Самсонов вышел на авансцену и обратился к зрителям:
— Товарищи, оружие к бою! Потому сейчас контру всякую показывать в газете буду. Народишко хитрющий, опасный.
Он отбежал на цыпочках к рампе, и одновременно на сцену ввалились шутовски разодетые белогвардейский генерал Деникин, банкир в картонном цилиндре, британский лорд, похожий на раскормленного быка, и тип, долженствующий изображать то ли купца, то ли деревенского кулака.
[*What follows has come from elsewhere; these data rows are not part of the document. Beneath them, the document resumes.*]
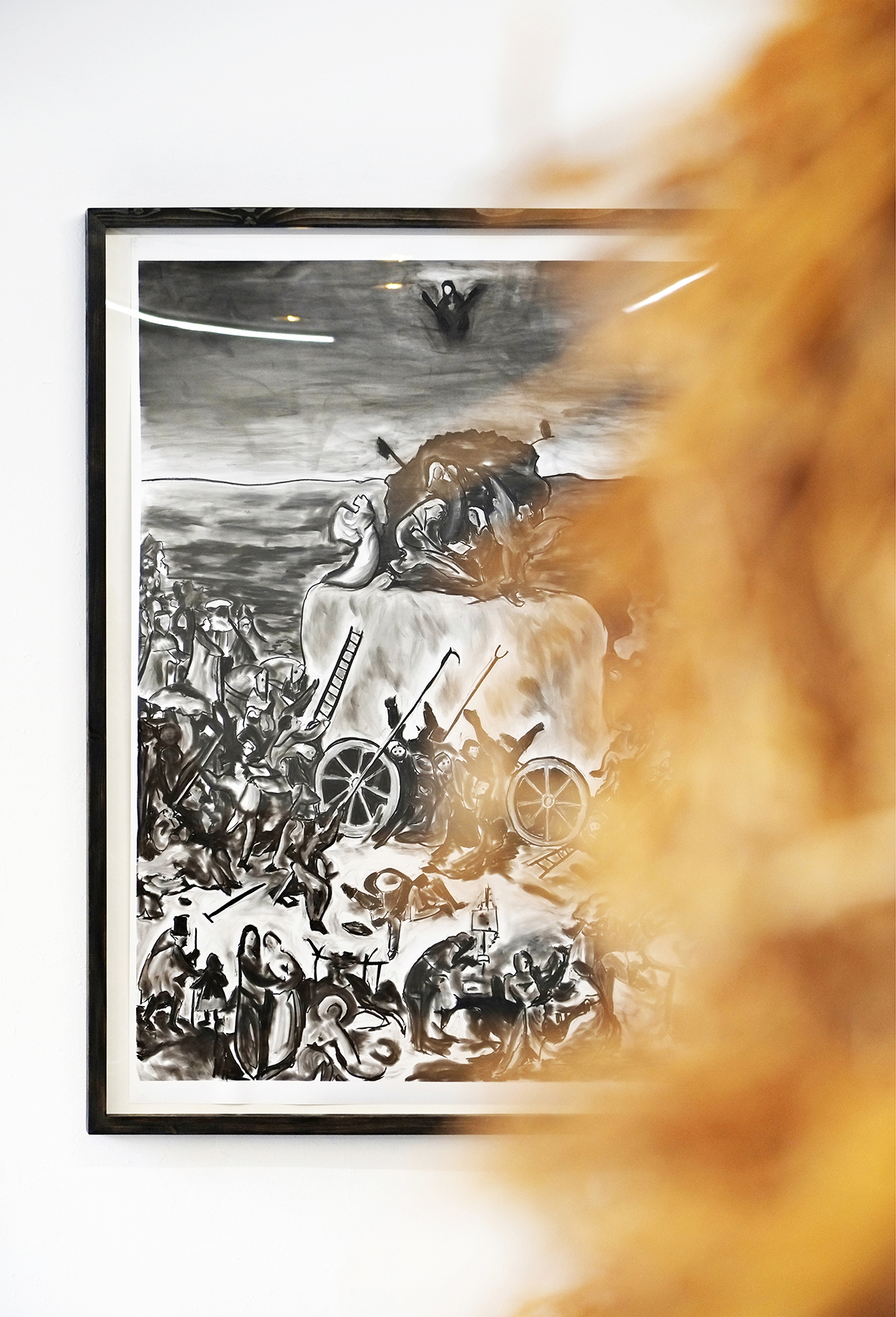 Conrad Hübbe presents a charcoal drawing „The Haywain (after Hieronymus Bosch)“ after the art historically well-known Haywain Triptych (1516) by Hieronymus Bosch. In his charcoal drawing, he continues to be interested in processes of alienation and abstraction when actualizing the hay wagon as a symbol of wealth from a historical context to the present. On his installation of a big pile of straw bales, he shows a golden clay hay wagon to furthermore elaborate on the idea of scale and reference.
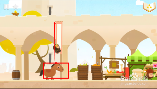 那个问号是什么呢?就是那个牛奶旁边那个人,等他走开喝牛奶的时候会有个古筝点击一下他就掉下来,你再爬上去点击就OK了
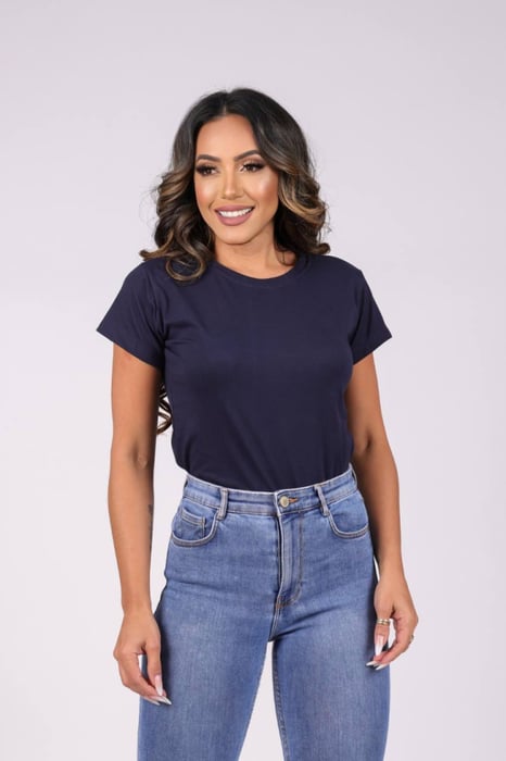 T-SHIRT FEMININA LISA MENEGOTTI AZUL MARINHO

За руки и за ноги они волокли по полу толстого эмира в шелковом халате, в чалме с бумажными звездами на груди. Размалеванные физиономии всех действующих лиц превращены были в отталкивающие зверские маски, обильно уснащенные усами и бородами из топорщащихся во все стороны конских волос. Зрители остались очень довольны маскарадом, и когда вся компания принялась танцевать гопака вприсядку, раздались громкие аплодисменты.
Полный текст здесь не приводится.